**What you are asked to do**
The line containing "近日,有细心的家人们应该留意" and every line after it to the end of the records: set those down exactly, without any pictures.

**Data excerpts**
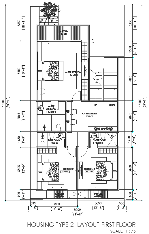 Three bedroom design on first floor of house DWG AutoCAD drawing
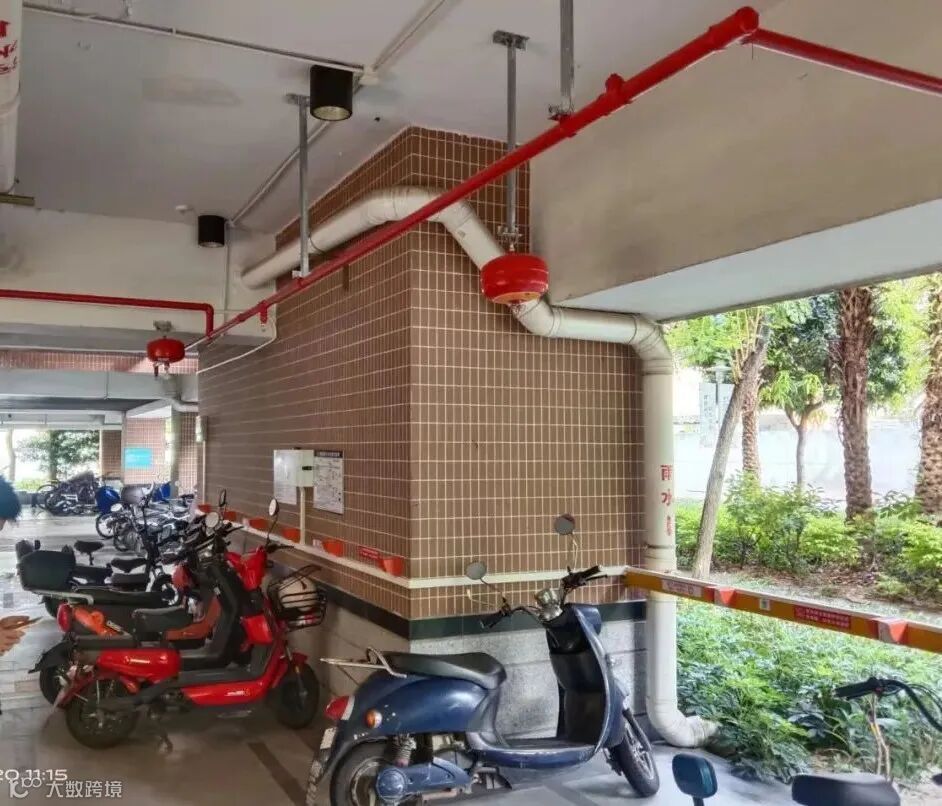近日,有细心的家人们应该留意到,园区里面用于停放电动自行车的架空层里新添了一排排“整齐列队”的红色“管道”。这些可不是普通的水管,而是新加装的一款火警自动消防喷淋设备。
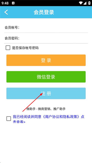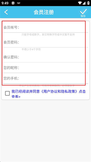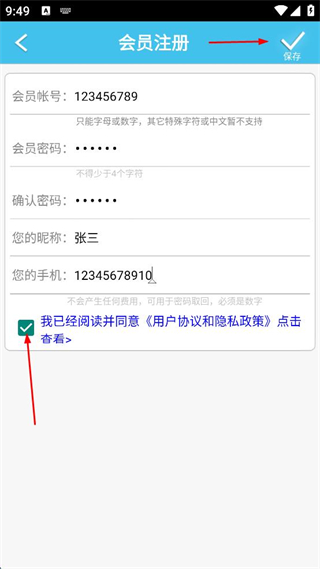 4、勾選已閱讀并同意用戶協(xié)議和隱私政策,點(diǎn)擊保存完成會員注冊。
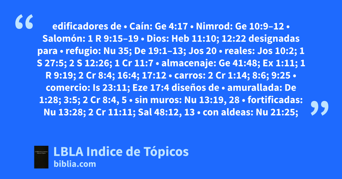 designadas para • refugio: Nu 35; De 19:1–13; Jos 20 • reales: Jos 10:2; 1 S 27:5; 2 S 12:26; 1 Cr 11:7 • almacenaje: Ge 41:48; Ex 1:11; 1 R 9:19; 2 Cr 8:4; 16:4; 17:12 • carros: 2 Cr 1:14; 8:6; 9:25 • comercio: Is 23:11; Eze 17:4
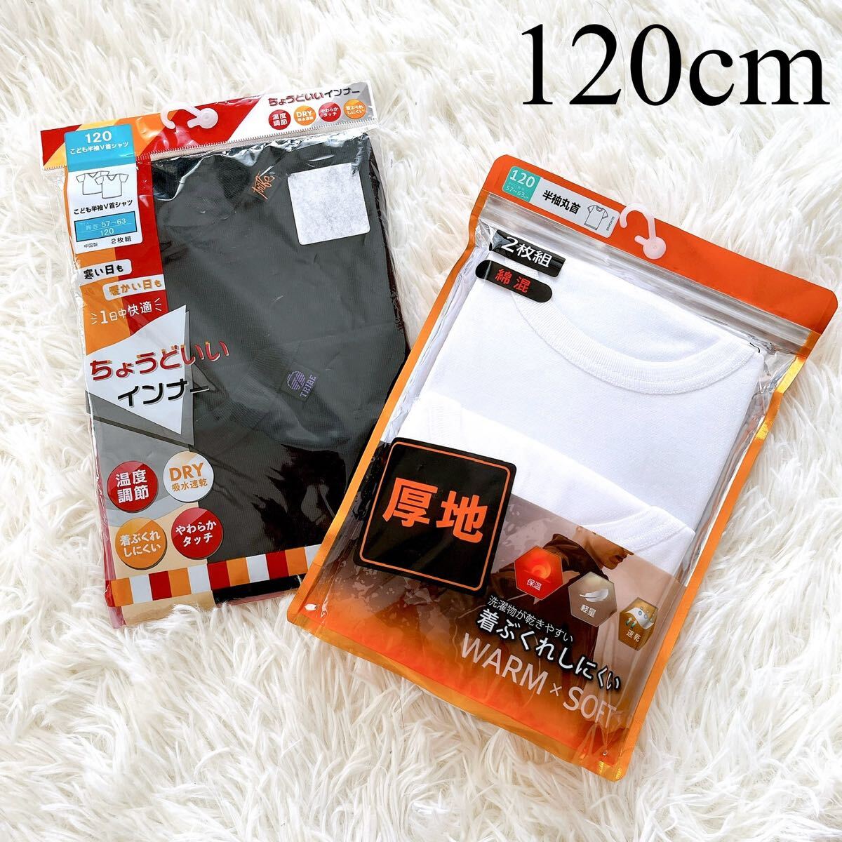 肌着/下着/DRY/アンダーシャツ/インナー/インナーシャツ/半袖/半袖肌着/丸首/Vネック/120cm/新品/未使用/美品/未開封/黒/黒色/ブラック/白/白色/ホワイト/2枚入り/2枚組/2セット/4枚/セット/男の子/男児/子供/こども/子ども/キッズ/KIDS/半袖シャツ/
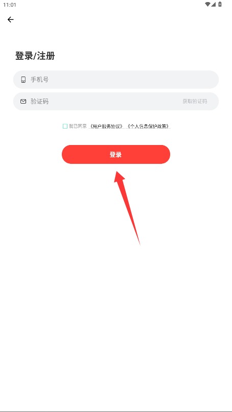 2、在登录页面输入手机号和验证码,勾选同意隐私政策后点击登录进入应用。
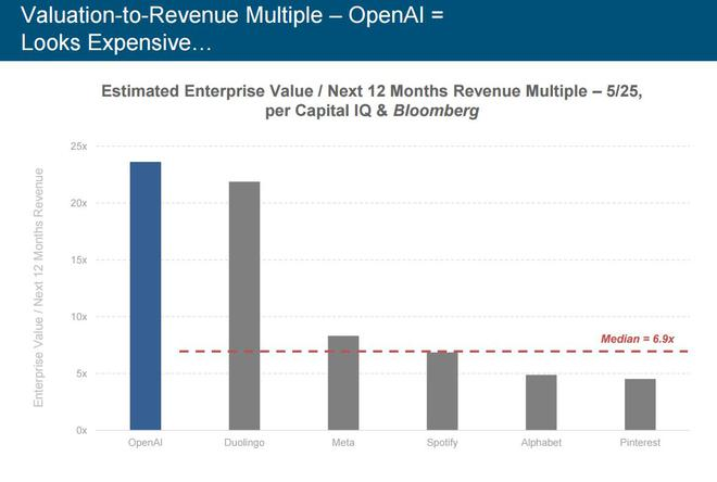 米克尔毫不客气地指出,OpenAI的估值与收入相比“看上去贵了”。

**Reply**
近日,有细心的家人们应该留意到,园区里面用于停放电动自行车的架空层里新添了一排排“整齐列队”的红色“管道”。这些可不是普通的水管,而是新加装的一款火警自动消防喷淋设备。
 4、勾選已閱讀并同意用戶協(xié)議和隱私政策,點(diǎn)擊保存完成會員注冊。
 designadas para • refugio: Nu 35; De 19:1–13; Jos 20 • reales: Jos 10:2; 1 S 27:5; 2 S 12:26; 1 Cr 11:7 • almacenaje: Ge 41:48; Ex 1:11; 1 R 9:19; 2 Cr 8:4; 16:4; 17:12 • carros: 2 Cr 1:14; 8:6; 9:25 • comercio: Is 23:11; Eze 17:4
 肌着/下着/DRY/アンダーシャツ/インナー/インナーシャツ/半袖/半袖肌着/丸首/Vネック/120cm/新品/未使用/美品/未開封/黒/黒色/ブラック/白/白色/ホワイト/2枚入り/2枚組/2セット/4枚/セット/男の子/男児/子供/こども/子ども/キッズ/KIDS/半袖シャツ/
 2、在登录页面输入手机号和验证码,勾选同意隐私政策后点击登录进入应用。
 米克尔毫不客气地指出,OpenAI的估值与收入相比“看上去贵了”。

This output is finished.